WORK TASK>
Transcribe the entries exactly as they stand below, passing over any picture.

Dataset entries
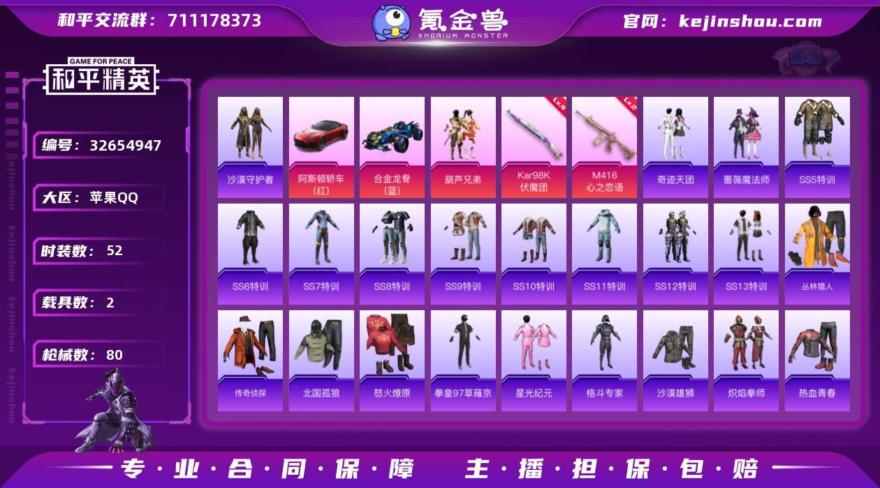 苹果 手Q-1粉装-2特效枪-2载具-1粉色飞行器-25737热力值-1王牌印记-52套装-80枪皮 【热门品类】:套装-沙漠守护者 【粉色套装】:粉装-葫芦兄弟 【粉色枪皮等级】:M416-心之恋语(二级),Kar98K-伏魔团(四级) 【粉色载具】:阿斯顿马丁DBS(红),合金龙骨(蓝) 【粉色枪皮】:M416-心之恋语,Kar98K-伏魔团 【粉色飞行器】:梦幻火箭飞行器 【粉色降落伞】:春暖花开降落伞,PEL轰鸣竞梦者降落伞,神秘黑猫降落伞,古堡领主降落伞,旋转彩虹降落伞 【稀有枪皮】:AKM-灼热熔岩,AKM-霓虹街区,M16A4-机械英豪,M16A4-红色方程式,SCAR-L-红色方程式,M416-仓鼠灰灰,M416-夜灯,M416-神秘黑猫,GROZA-黑色刀锋,QBZ-原初圣火,M762-动感兔斯基,M762-拳皇97,M762-牛气冲天,M762-诡娃娃,G36C-不夜海上花,UZI-众神之王,UZI-红色方程式,UMP45-蓝色火焰,Vector-彩虹符号,Vector-生命誓言,Vector-黑色刀锋,汤姆逊-奇异狩猎者,野牛-机械英豪,MP5K-众神之王,Kar98K-华贵君王,Kar98K-梦幻火箭,M24-众神之王,AWM-不夜海上花,SKS-夜灯,VSS-黑色刀锋,Mini14-原初圣火,Mini14-春暖花开,Mini14-梦幻火箭,Mini14-炫彩节奏,Mini14-阿狸红,Win94-机械英豪,SLR-众神...
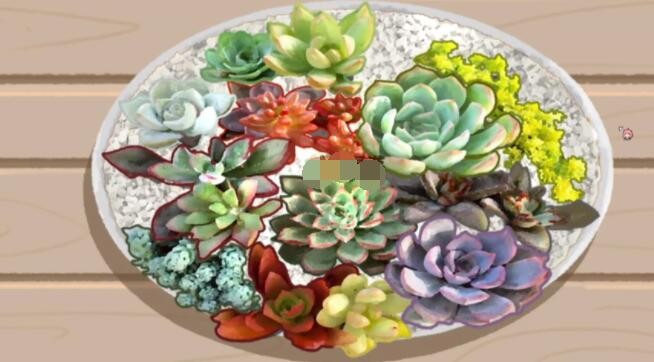 1、首先点击右下角的水枪,会自动浇水,各个多肉的位置就会显示出来
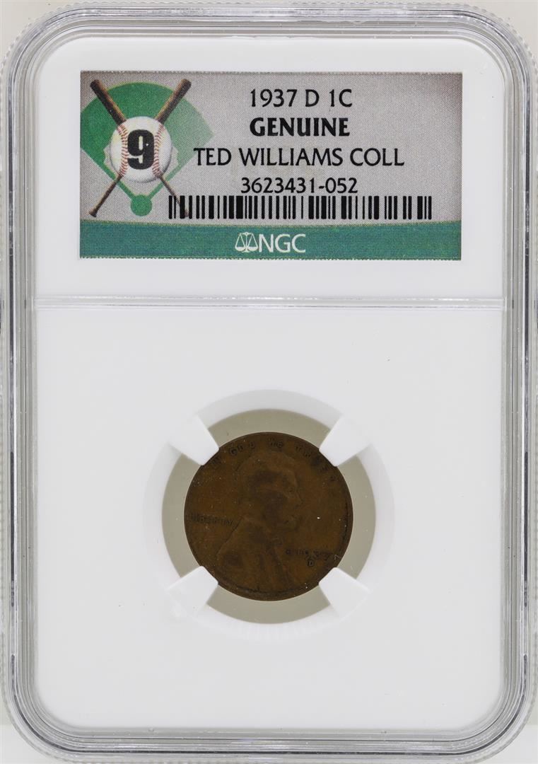 One Ted Willaims Collection 1937-D Lincoln Wheat Cent Coin NGC Genuine. NGC Certified.
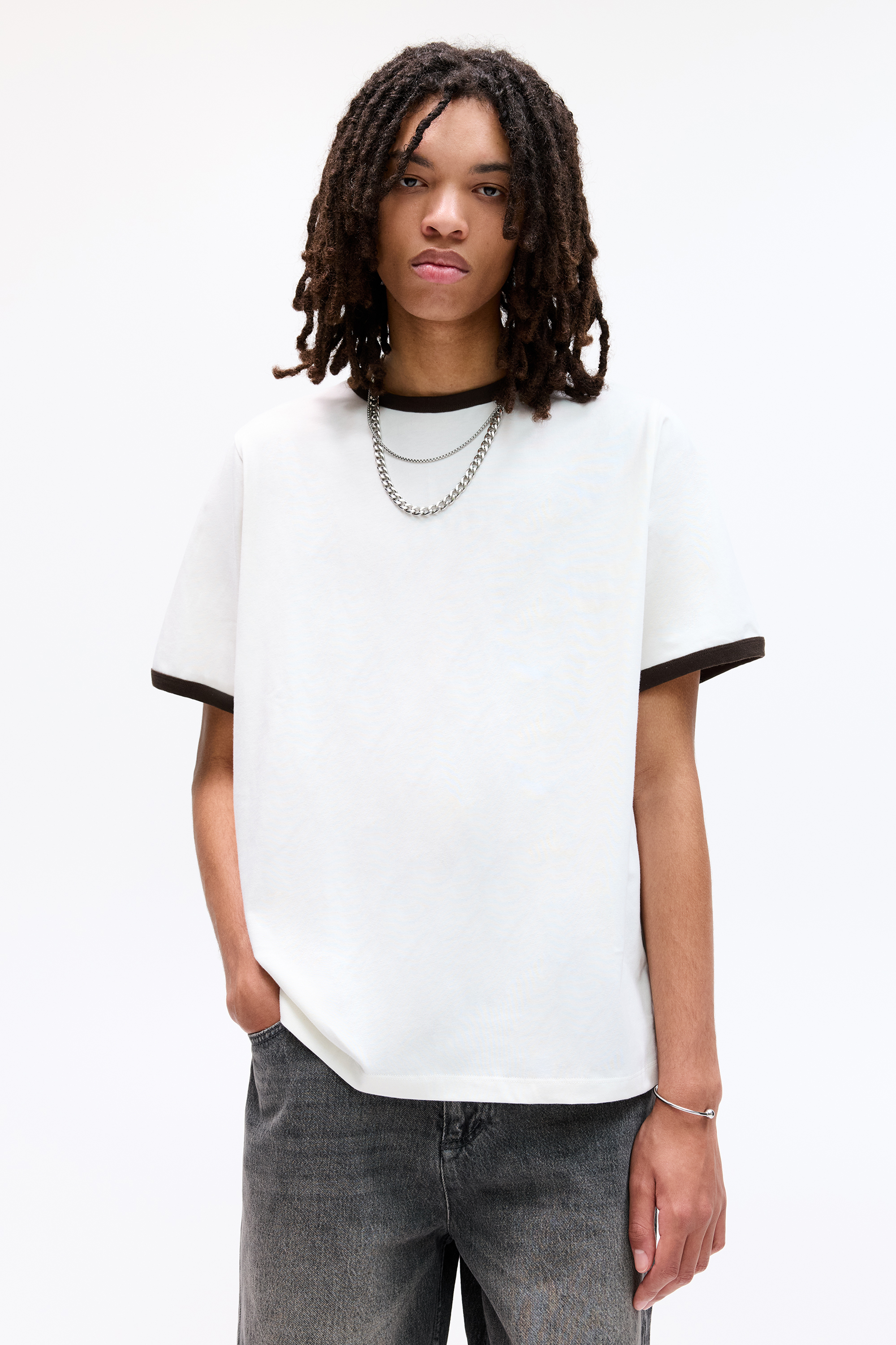 T-shirt dat al zo vele jaren meegaat. Het is echter misschien tijd om te accepteren dat het niet meer in de beste staat is en dat er andere ontwerpen zijn die je zullen helpen je verlies te boven te komen en tegelijkertijd de opties in je garderobe te vermenigvuldigen. Ben jij iemand die van fitted heren-T-shirts houdt? In de Pull&Bear-collectie vind je allerlei ontwerpen die zijn afgestemd op jouw voorkeuren, in lange mouw en korte mouw. Effen of bedrukt, T-shirts of polo's. Als je meer van oversized heren-T-shirts houdt, in lijn met de meer urban stijlen, heb je naast ontwerpen met mouwen ook veststijlen. Als je fan bent van tv-series en films van een paar jaar geleden, dan zijn die vrijwel zeker te vinden in de Pull&Bear heren-T-shirtcollectie, aangezien enkele van de meest populaire en meest succesvolle producties zijn verzameld. Nineties nostalgie is hier in alle ernst en heeft ook zijn stempel gedrukt op de mode. Je zult je als een kind voelen als je je die personages herinnert die je definieerden toen je klein was. Dit seizoen zul je vrienden worden met logo-T-shirts. Niet alleen logo's van nu, maar vintage merkidentiteiten die nu teruggebracht zijn als eerbetoon aan de successen van weleer. Heren-T-shirts bieden ook de perfecte manier om onszelf uit te drukken, en daarom zijn slogan-T-shirts nu zo in. Typografische details die niet alleen een prachtig ontwerp creëren, maar ons ook een identiteit geven en aankondigen wat we denken. Verwijzingen naar steden en idyllische en hemelse plaatsen zijn ook dit seizoen een terugkerend motief. Misschien omdat ze ons meenemen naar plaatsen die we willen bezoeken, maar voorlopig zijn we tevreden met het dragen ervan op onze borst. Als je een kunstliefhebber bent, vind je eerbetonen aan enkele van de meest beroemde werken van de meest charismatische kunstenaars in de geschiedenis. Moderne klassiekers die van het doek naar je T-shirt zijn gegaan. In deze sectie vind je ook basic T-shirts voor alle smaken. Een breed scala aan kleuren om te coördineren met je garderobe, allerlei soorten fits en designs, zodat je degene kunt kiezen die het beste bij je past, met details die in staat zijn om van een basic een van de juwelen in de kroon van je garderobe te maken. Ze kunnen worden gecombineerd met elke denkbare outfit, dus laat het seizoen niet voorbijgaan zonder een goed arsenaal aan basics samen te stellen. Vergeet niet dat je hier de meest modieuze
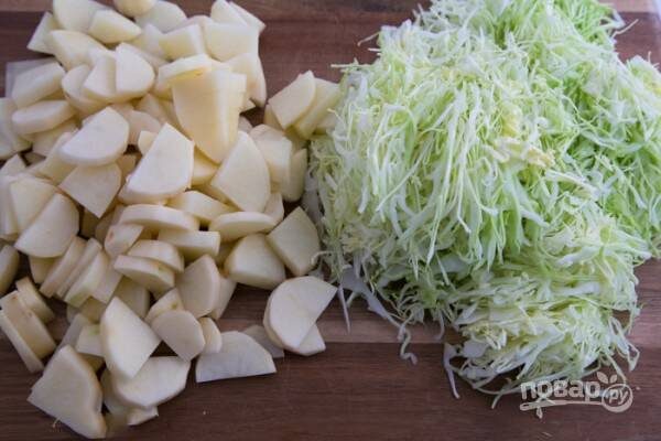 - Очищаем и моем картофель. Нарезаем его небольшими кусочками, а капусту шинкуем тонкими полосками.
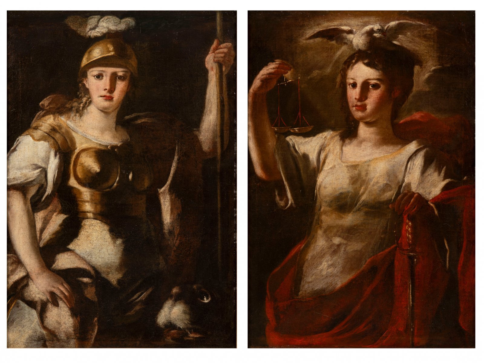 Corrado Giaquinto, považovaný za vrcholného představitele rokokového malířství v Římě v první polovině 18. století a inspirativní osobnost pro různé generace španělských malířů, byl plodným autorem nejenom v množství olejomaleb ale především fresek. Jeho nejambicióznějšími uměleckými projekty byla výzdoba Královského paláce, kde byl zodpovědný za návrhy štukatur, soch a malířských projektů. Párové alegorické obrazy, které z repertoáru Corrada Giaquinta známe, jsou reprezentativní ukázkou rokokové ikonografie a nachází se na nich náměty Pallas Athény a Spravedlnosti. Velká pozornost je zde věnována jak atributům, tak očím obou žen, které hledí vyzývavě do prostoru. Obě malby vykazují cit pro určitou dramatičnost a jejich těla, brnění a drapérie se vynořují ze stínů do měkkého světla.
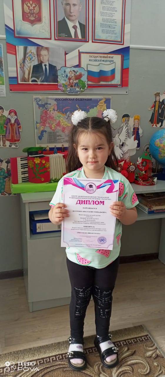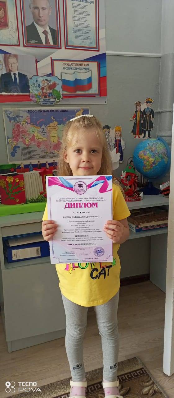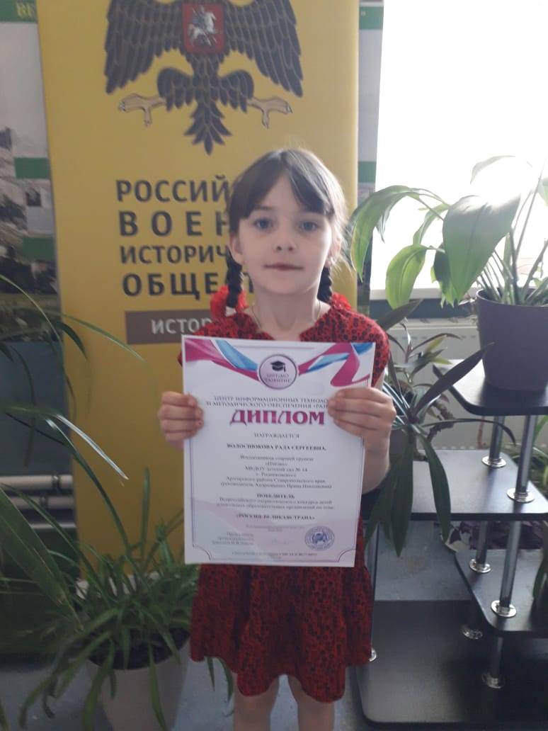 Так, воспитанники средней и старшей групп МКДОУ д/с №14 «Колокольчик» с. Родниковского Арзгирского муниципального округа (заведующий – Туз И.А., член Местного отделения РО РВИО СК в с. Родниковском (председатель – Новак Н.Н.)) под руководством воспитателя И.Н. Андрющенко, члена РО РВИО СК, приняли участие во Всероссийском патриотическом конкурсе дошкольных образовательных организаций «Россия – великая страна» и стали его победителями.

TASK RESPONSE>
 苹果 手Q-1粉装-2特效枪-2载具-1粉色飞行器-25737热力值-1王牌印记-52套装-80枪皮 【热门品类】:套装-沙漠守护者 【粉色套装】:粉装-葫芦兄弟 【粉色枪皮等级】:M416-心之恋语(二级),Kar98K-伏魔团(四级) 【粉色载具】:阿斯顿马丁DBS(红),合金龙骨(蓝) 【粉色枪皮】:M416-心之恋语,Kar98K-伏魔团 【粉色飞行器】:梦幻火箭飞行器 【粉色降落伞】:春暖花开降落伞,PEL轰鸣竞梦者降落伞,神秘黑猫降落伞,古堡领主降落伞,旋转彩虹降落伞 【稀有枪皮】:AKM-灼热熔岩,AKM-霓虹街区,M16A4-机械英豪,M16A4-红色方程式,SCAR-L-红色方程式,M416-仓鼠灰灰,M416-夜灯,M416-神秘黑猫,GROZA-黑色刀锋,QBZ-原初圣火,M762-动感兔斯基,M762-拳皇97,M762-牛气冲天,M762-诡娃娃,G36C-不夜海上花,UZI-众神之王,UZI-红色方程式,UMP45-蓝色火焰,Vector-彩虹符号,Vector-生命誓言,Vector-黑色刀锋,汤姆逊-奇异狩猎者,野牛-机械英豪,MP5K-众神之王,Kar98K-华贵君王,Kar98K-梦幻火箭,M24-众神之王,AWM-不夜海上花,SKS-夜灯,VSS-黑色刀锋,Mini14-原初圣火,Mini14-春暖花开,Mini14-梦幻火箭,Mini14-炫彩节奏,Mini14-阿狸红,Win94-机械英豪,SLR-众神...
 1、首先点击右下角的水枪,会自动浇水,各个多肉的位置就会显示出来
 One Ted Willaims Collection 1937-D Lincoln Wheat Cent Coin NGC Genuine. NGC Certified.
 T-shirt dat al zo vele jaren meegaat. Het is echter misschien tijd om te accepteren dat het niet meer in de beste staat is en dat er andere ontwerpen zijn die je zullen helpen je verlies te boven te komen en tegelijkertijd de opties in je garderobe te vermenigvuldigen. Ben jij iemand die van fitted heren-T-shirts houdt? In de Pull&Bear-collectie vind je allerlei ontwerpen die zijn afgestemd op jouw voorkeuren, in lange mouw en korte mouw. Effen of bedrukt, T-shirts of polo's. Als je meer van oversized heren-T-shirts houdt, in lijn met de meer urban stijlen, heb je naast ontwerpen met mouwen ook veststijlen. Als je fan bent van tv-series en films van een paar jaar geleden, dan zijn die vrijwel zeker te vinden in de Pull&Bear heren-T-shirtcollectie, aangezien enkele van de meest populaire en meest succesvolle producties zijn verzameld. Nineties nostalgie is hier in alle ernst en heeft ook zijn stempel gedrukt op de mode. Je zult je als een kind voelen als je je die personages herinnert die je definieerden toen je klein was. Dit seizoen zul je vrienden worden met logo-T-shirts. Niet alleen logo's van nu, maar vintage merkidentiteiten die nu teruggebracht zijn als eerbetoon aan de successen van weleer. Heren-T-shirts bieden ook de perfecte manier om onszelf uit te drukken, en daarom zijn slogan-T-shirts nu zo in. Typografische details die niet alleen een prachtig ontwerp creëren, maar ons ook een identiteit geven en aankondigen wat we denken. Verwijzingen naar steden en idyllische en hemelse plaatsen zijn ook dit seizoen een terugkerend motief. Misschien omdat ze ons meenemen naar plaatsen die we willen bezoeken, maar voorlopig zijn we tevreden met het dragen ervan op onze borst. Als je een kunstliefhebber bent, vind je eerbetonen aan enkele van de meest beroemde werken van de meest charismatische kunstenaars in de geschiedenis. Moderne klassiekers die van het doek naar je T-shirt zijn gegaan. In deze sectie vind je ook basic T-shirts voor alle smaken. Een breed scala aan kleuren om te coördineren met je garderobe, allerlei soorten fits en designs, zodat je degene kunt kiezen die het beste bij je past, met details die in staat zijn om van een basic een van de juwelen in de kroon van je garderobe te maken. Ze kunnen worden gecombineerd met elke denkbare outfit, dus laat het seizoen niet voorbijgaan zonder een goed arsenaal aan basics samen te stellen. Vergeet niet dat je hier de meest modieuze
 - Очищаем и моем картофель. Нарезаем его небольшими кусочками, а капусту шинкуем тонкими полосками.
 Corrado Giaquinto, považovaný za vrcholného představitele rokokového malířství v Římě v první polovině 18. století a inspirativní osobnost pro různé generace španělských malířů, byl plodným autorem nejenom v množství olejomaleb ale především fresek. Jeho nejambicióznějšími uměleckými projekty byla výzdoba Královského paláce, kde byl zodpovědný za návrhy štukatur, soch a malířských projektů. Párové alegorické obrazy, které z repertoáru Corrada Giaquinta známe, jsou reprezentativní ukázkou rokokové ikonografie a nachází se na nich náměty Pallas Athény a Spravedlnosti. Velká pozornost je zde věnována jak atributům, tak očím obou žen, které hledí vyzývavě do prostoru. Obě malby vykazují cit pro určitou dramatičnost a jejich těla, brnění a drapérie se vynořují ze stínů do měkkého světla.
 Так, воспитанники средней и старшей групп МКДОУ д/с №14 «Колокольчик» с. Родниковского Арзгирского муниципального округа (заведующий – Туз И.А., член Местного отделения РО РВИО СК в с. Родниковском (председатель – Новак Н.Н.)) под руководством воспитателя И.Н. Андрющенко, члена РО РВИО СК, приняли участие во Всероссийском патриотическом конкурсе дошкольных образовательных организаций «Россия – великая страна» и стали его победителями.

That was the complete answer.